Required work - Restate exactly the lines of the entries below, beginning with the first and ending with the line that holds "Το κοινό εισέρχεται". Pictures are not copied.

Data supplied -
· · · · · · ·

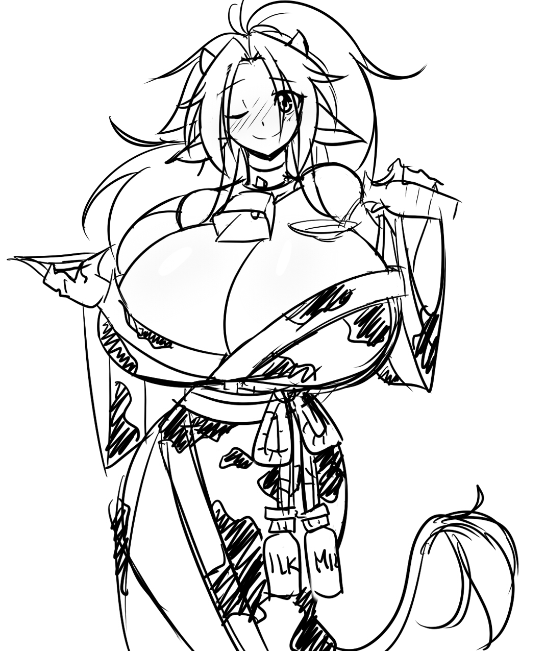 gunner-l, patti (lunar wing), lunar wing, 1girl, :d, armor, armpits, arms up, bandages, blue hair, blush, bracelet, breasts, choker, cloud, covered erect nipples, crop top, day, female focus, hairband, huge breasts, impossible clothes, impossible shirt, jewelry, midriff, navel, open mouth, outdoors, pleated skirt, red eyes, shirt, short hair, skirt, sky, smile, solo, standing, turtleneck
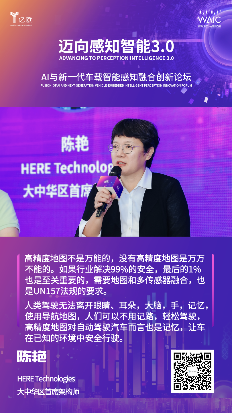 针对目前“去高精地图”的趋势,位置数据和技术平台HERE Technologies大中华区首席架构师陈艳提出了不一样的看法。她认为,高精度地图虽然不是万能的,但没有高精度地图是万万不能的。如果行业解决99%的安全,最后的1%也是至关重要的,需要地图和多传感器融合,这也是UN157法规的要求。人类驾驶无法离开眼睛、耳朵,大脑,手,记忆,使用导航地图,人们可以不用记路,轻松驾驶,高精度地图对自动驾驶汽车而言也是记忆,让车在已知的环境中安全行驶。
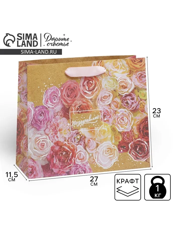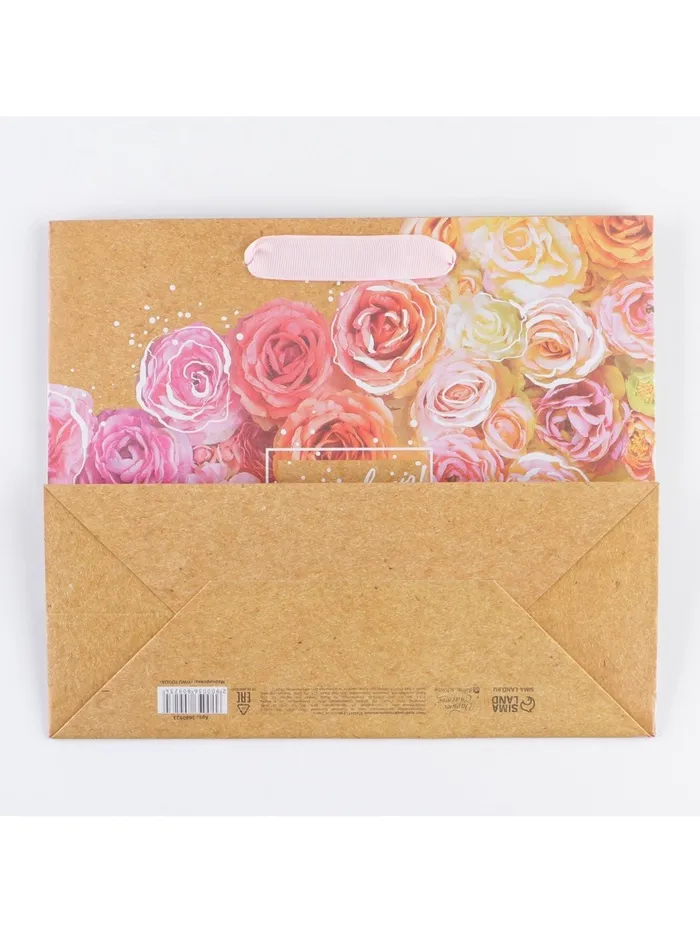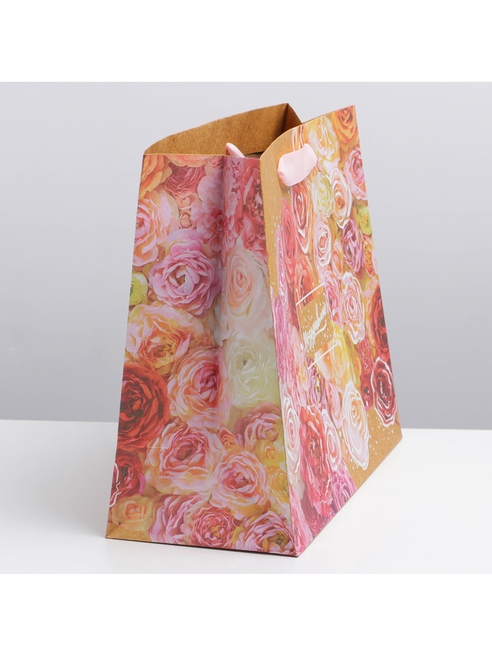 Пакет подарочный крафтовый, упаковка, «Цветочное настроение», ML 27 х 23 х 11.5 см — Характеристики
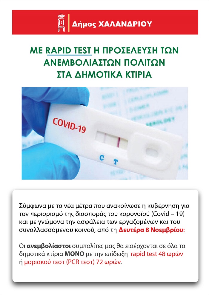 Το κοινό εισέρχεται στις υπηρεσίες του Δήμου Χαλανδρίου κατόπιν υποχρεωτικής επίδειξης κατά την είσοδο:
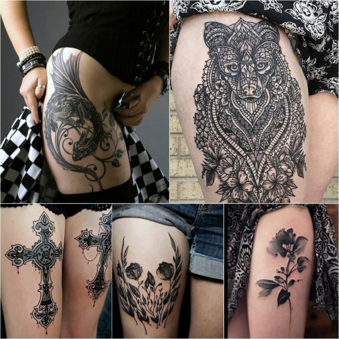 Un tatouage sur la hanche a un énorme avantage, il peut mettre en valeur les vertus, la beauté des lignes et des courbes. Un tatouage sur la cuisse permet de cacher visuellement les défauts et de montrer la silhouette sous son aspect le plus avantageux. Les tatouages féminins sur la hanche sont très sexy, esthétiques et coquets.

· · · · · · ·

Answer space -
 gunner-l, patti (lunar wing), lunar wing, 1girl, :d, armor, armpits, arms up, bandages, blue hair, blush, bracelet, breasts, choker, cloud, covered erect nipples, crop top, day, female focus, hairband, huge breasts, impossible clothes, impossible shirt, jewelry, midriff, navel, open mouth, outdoors, pleated skirt, red eyes, shirt, short hair, skirt, sky, smile, solo, standing, turtleneck
 针对目前“去高精地图”的趋势,位置数据和技术平台HERE Technologies大中华区首席架构师陈艳提出了不一样的看法。她认为,高精度地图虽然不是万能的,但没有高精度地图是万万不能的。如果行业解决99%的安全,最后的1%也是至关重要的,需要地图和多传感器融合,这也是UN157法规的要求。人类驾驶无法离开眼睛、耳朵,大脑,手,记忆,使用导航地图,人们可以不用记路,轻松驾驶,高精度地图对自动驾驶汽车而言也是记忆,让车在已知的环境中安全行驶。
 Пакет подарочный крафтовый, упаковка, «Цветочное настроение», ML 27 х 23 х 11.5 см — Характеристики
 Το κοινό εισέρχεται στις υπηρεσίες του Δήμου Χαλανδρίου κατόπιν υποχρεωτικής επίδειξης κατά την είσοδο:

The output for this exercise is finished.